▶ _Task statement_
Write out the entries below exactly, but only from the line containing "Вначале наблюдается уменьшение" through the line containing "WWII An MP on", and without the pictures.

▶ _Data to examine_
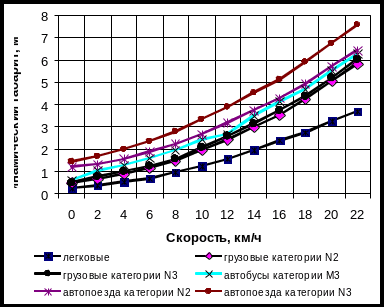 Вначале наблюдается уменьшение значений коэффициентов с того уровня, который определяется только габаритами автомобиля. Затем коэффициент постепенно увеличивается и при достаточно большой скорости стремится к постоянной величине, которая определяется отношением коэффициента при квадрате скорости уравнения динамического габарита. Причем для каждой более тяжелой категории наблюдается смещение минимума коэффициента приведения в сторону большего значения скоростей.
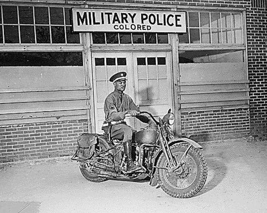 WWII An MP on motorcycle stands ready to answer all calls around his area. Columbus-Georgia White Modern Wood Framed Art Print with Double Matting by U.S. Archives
==
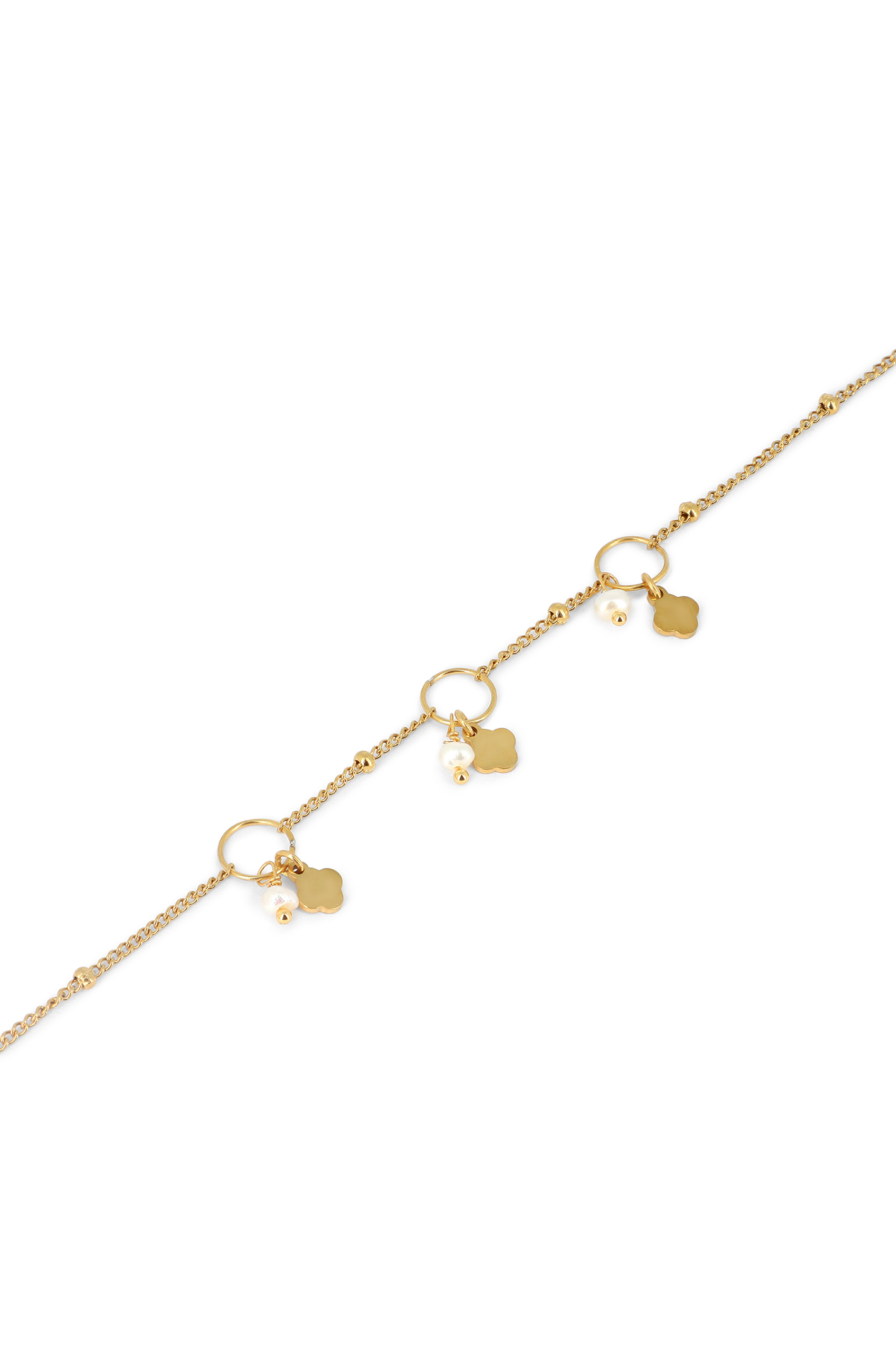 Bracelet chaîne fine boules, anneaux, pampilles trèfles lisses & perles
--
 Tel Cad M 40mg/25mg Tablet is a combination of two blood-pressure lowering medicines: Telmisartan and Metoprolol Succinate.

▶ _Written answer_
 Вначале наблюдается уменьшение значений коэффициентов с того уровня, который определяется только габаритами автомобиля. Затем коэффициент постепенно увеличивается и при достаточно большой скорости стремится к постоянной величине, которая определяется отношением коэффициента при квадрате скорости уравнения динамического габарита. Причем для каждой более тяжелой категории наблюдается смещение минимума коэффициента приведения в сторону большего значения скоростей.
 WWII An MP on motorcycle stands ready to answer all calls around his area. Columbus-Georgia White Modern Wood Framed Art Print with Double Matting by U.S. Archives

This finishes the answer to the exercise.